Le responsable prévoit, en outre, une aggravation du déficit, précisant qu’un nouveau programme d’urgence estimé à 120 MD sera adopté pour cette saison estivale.

Ce programme a pour objectif de satisfaire les besoins en eau de plusieurs gouvernorats et ce, à travers le lancement de 139 systèmes d’alimentation en eau potable et l’aménagement de nouveaux puits, a-t-il ajouté.

Il a, de même, insisté sur l’importance de ce programme qui permettra de résoudre les problèmes de plusieurs régions et de faire face aux coupures inopinées en eau potable, signalant qu’une pénurie en eau a été enregistrée depuis la saison estivale de 2016 et ce suite à un déficit pluviométrique qui frappe la Tunisie depuis trois ans .

La crise de l’eau encore d’actualité en 2017!

Raoudha Gafrej, professeur universitaire à l’Institut Supérieur des sciences biologiques appliquées de Tunis, a annoncé lors d’une conférence de presse organisée en mars 2017, que «les coupures dans l’alimentation en eau potable qui ont été enregistrées dans la plupart des régions tunisiennes durant l’été 2016, vont refaire surface durant la saison estivale 2017 et gagneront même en ampleur face à une insouciance généralisée quant à ses causes structurelles, nonobstant les “solutions de raccommodage proposées par les autorités pour montrer un semblant d’action»,a-t-elle précisé.
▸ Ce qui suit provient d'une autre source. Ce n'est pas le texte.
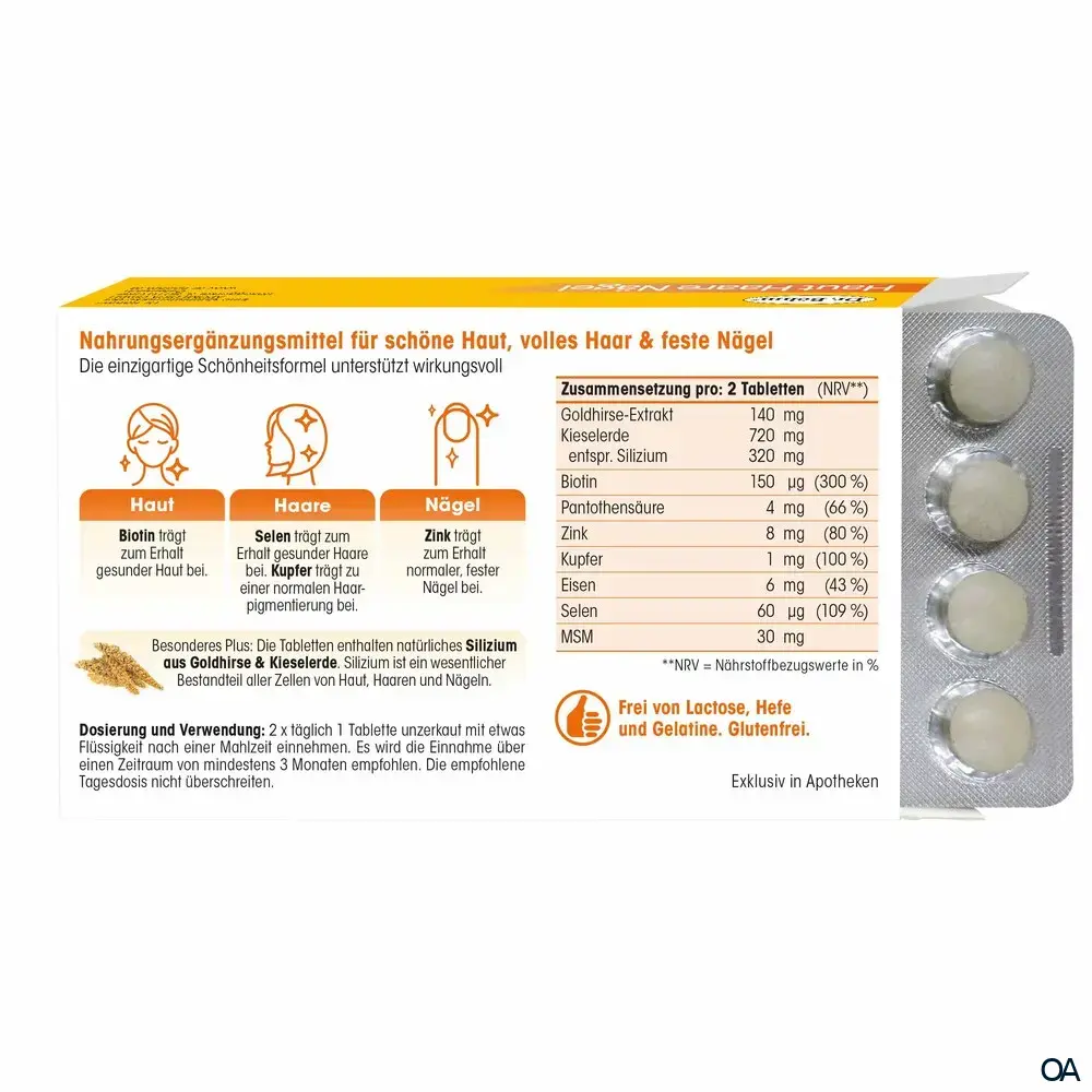 Kieselerde 360 mg, Kupfer 0,5 mg, Goldhirse-Extrakt 70 mg, Eisen 3,0 mg, Biotin 75 μg, Selen 30 μg, Pantothensäure 2,0 mg, MSM 15 mg, Zink 4,0 mg,
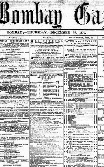 The Bombay Gazette, 22 December 1870
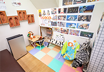 待合室には漫画、雑誌を完備。キッズルームもあり明るい雰囲気です。
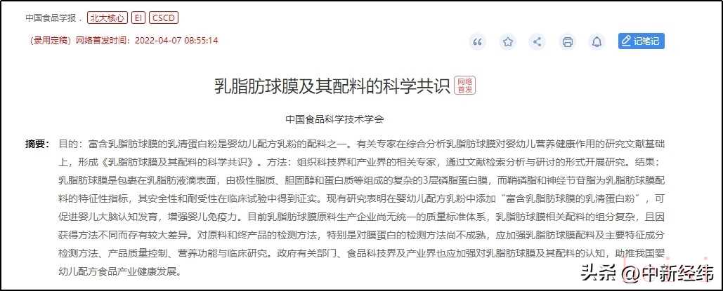 首份《乳脂肪球膜及其配料的科学共识》于《中国食品学报》刊发
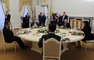 Встречи "на полях" ПМЭФ Путин начал еще в среду вечером, он провел неформальный ужин с бывшим президентом Франции Николя Саркози.
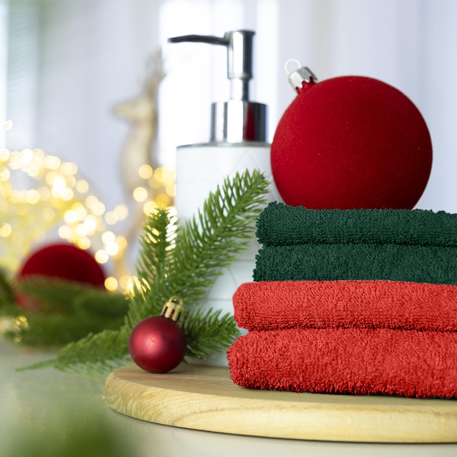 DAN RIVER 100% Cotton Christmas Gift Washcloths 24 Pack Premium Quality Face and Body Cloth, Quick Dry Essential Towels for Bathroom, Hand, Kitchen & Cleaning | 12X12 in | 400 GSM | Red & Green combo
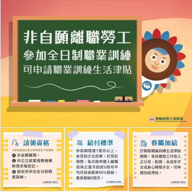 參加就業保險之勞工同時符合下列情形,可申請就保職業訓練生活津貼:
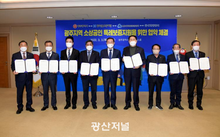 ±¤ÁÖ±¤¿ª½Ã´Â 3ÀÏ Áö¿ª ¼Ò»ó°øÀεéÀÇ °æ¿µ¾ÈÁ¤°ú Áö¿ª°æÁ¦ Ȱ¼ºÈ¸¦ À§ÇØ »õ¸¶À»±Ý°íÁß¾Óȸ ±¤ÁÖÀü³²Áö¿ª µ¿±¸¡¤È¼ø±ºÇùÀÇȸ, ¼±¸ÇùÀÇȸ, ³²±¸¡¤±¤»ê±¸ÇùÀÇȸ, ºÏ±¸ÇùÀÇȸ, ½Å¿ëÇùµ¿Á¶ÇÕÁß¾Óȸ ±¤ÁÖÀü³²Áö¿ªÆòÀÇȸ, ºÏºÎÆòÀÇȸ, ¼ºÎÆòÀÇȸ(ÀÌÇÏ ¡®±ÝÀ¶±â°ü¡¯À̶ó ÇÑ´Ù), ±¤Áֽſ뺸ÁõÀç´Ü µî 8°³ ±â°ü°ú ¼Ò»ó°øÀΠƯº°À¶ÀÚÁö¿ø ¾÷¹«Çù¾àÀ» ü°áÇß´Ù.
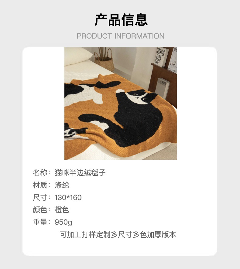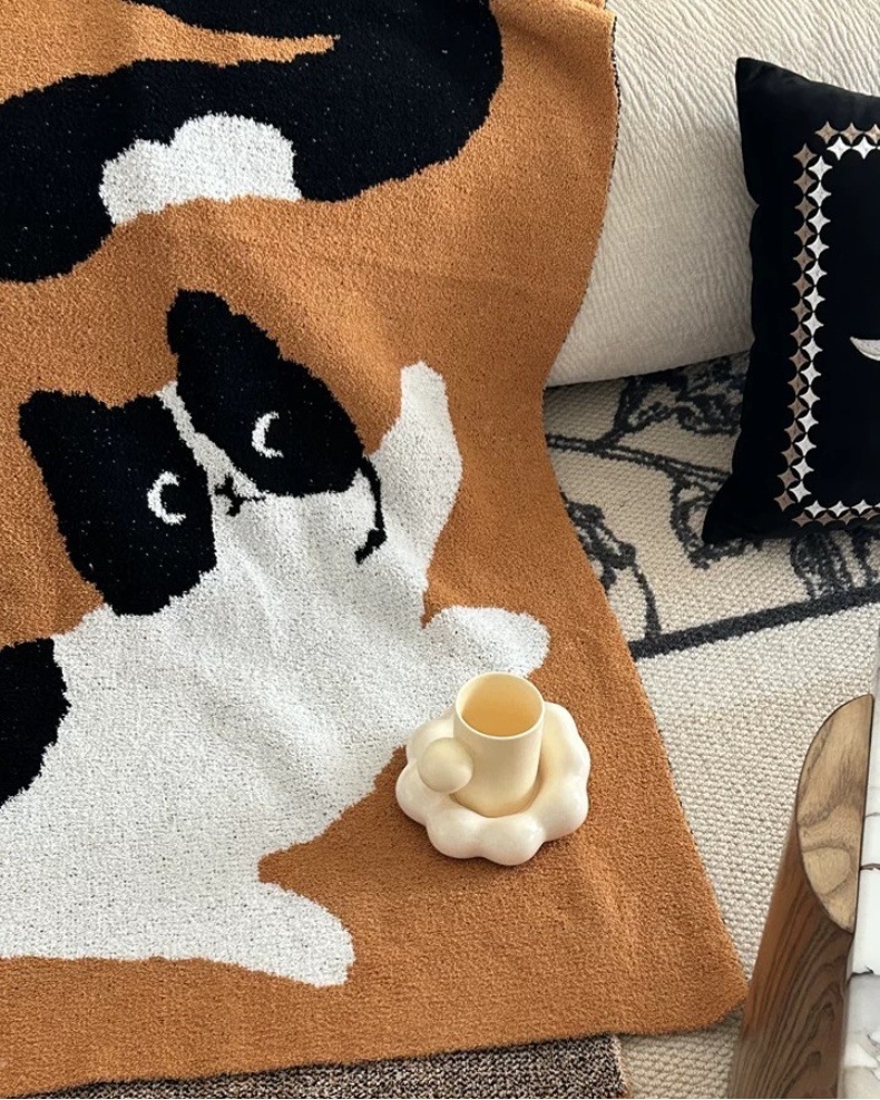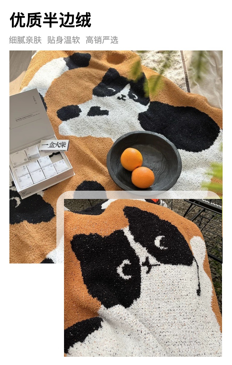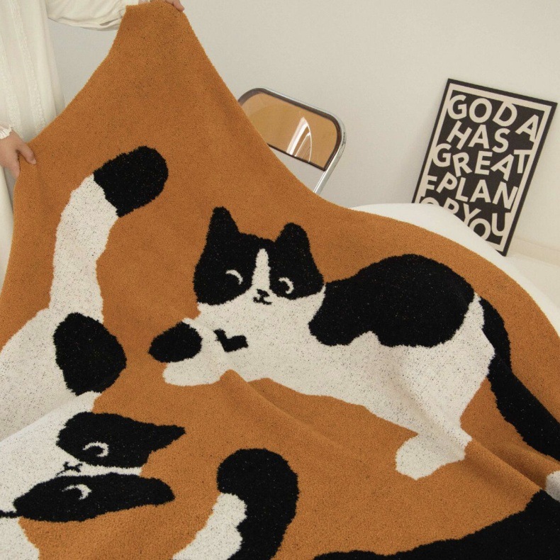세 마리의 젖소 고양이 A급 산모 및 유아용 반쪽 담요 소파 담요 니트 사무실 낮잠 담요 장식용 담요스토어 가기

Et Gafrej d’ajouter «qu’avec 419 m3 par habitant/an, la Tunisie est en situation de pénurie d’eau absolue, qui a été accentuée ces dernières années par les effets des changements climatiques, l’augmentation des besoins mais également par la dégradation et la vétusté des infrastructures de la SONEDE».

Les défis à venir de l’entreprise concernent l’amélioration des services, l’approvisionnement des zones rurales en eau et la bonne gouvernance. Toutefois l’amélioration des services de la SONEDE passera nécessairement par la réponse qui sera apportée à la pression sur les équilibres hydrauliques, à la limitation de l’offre, aux changements climatiques et la hausse des coûts.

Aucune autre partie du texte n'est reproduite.